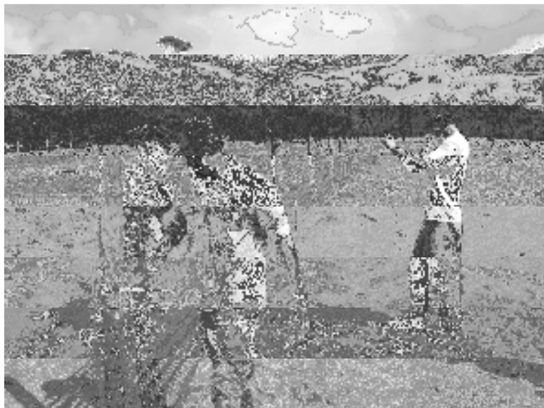
CVA team conducts fence maintenance at the King River Delta to assist the King River Action Group.

King River Action Group, assisting with fence maintenance. The trial is on a mine tailing delta at the mouth of the King River and its aim is to determine what (if any) revegetation method might work in this environment.
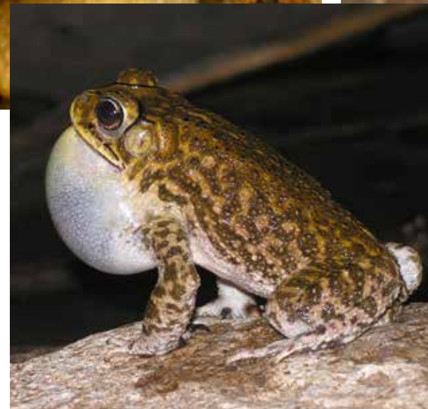
Clockwise from opposite page top: Black-necked garter snake (Thamnophis cyrtopsis) in its aquatic element. Gila monster (Heloderma suspectum), one of two venomous lizards in North America (the other is the beaded lizard, also found in Mexico). Singing male Mazatlán toad (Ollotis mazatlanensis). Sonoran whipsnake (Coluber bilineatus) basking on a warm rock
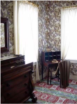
This is the real "Lincoln bedroom," in his last house in Springfield, IL. It is not unlikely that he composed his farewell address to the people of Lincoln at this desk, in early February 1861.
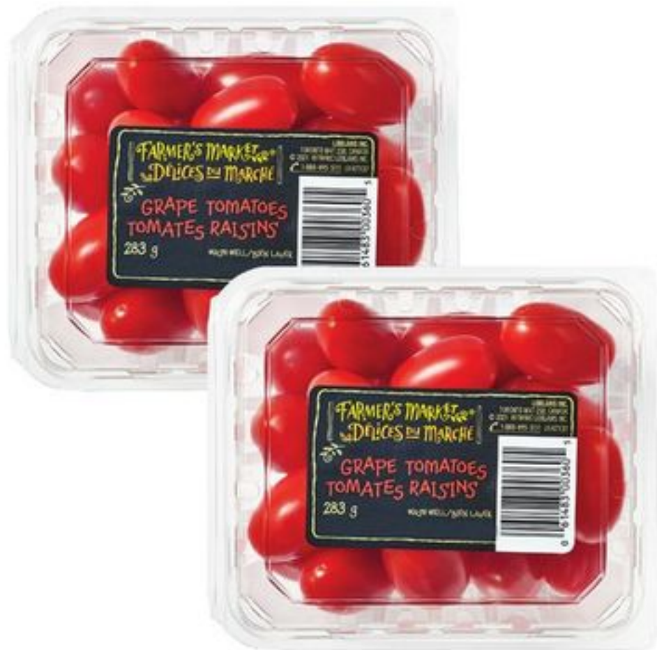
FARMER'S MARKET™ GRAPE TOMATOES PRODUCT OF MEXICO 283 G 21367888001_EA

_ _ _ _ _

▶ [YOUR ASSIGNMENT]:
An exact reproduction of the material above is needed, without its pictures.

▶ [TASK ANSWER]:
CVA team conducts fence maintenance at the King River Delta to assist the King River Action Group.

King River Action Group, assisting with fence maintenance. The trial is on a mine tailing delta at the mouth of the King River and its aim is to determine what (if any) revegetation method might work in this environment.
Clockwise from opposite page top: Black-necked garter snake (Thamnophis cyrtopsis) in its aquatic element. Gila monster (Heloderma suspectum), one of two venomous lizards in North America (the other is the beaded lizard, also found in Mexico). Singing male Mazatlán toad (Ollotis mazatlanensis). Sonoran whipsnake (Coluber bilineatus) basking on a warm rock
This is the real "Lincoln bedroom," in his last house in Springfield, IL. It is not unlikely that he composed his farewell address to the people of Lincoln at this desk, in early February 1861.
FARMER'S MARKET™ GRAPE TOMATOES PRODUCT OF MEXICO 283 G 21367888001_EA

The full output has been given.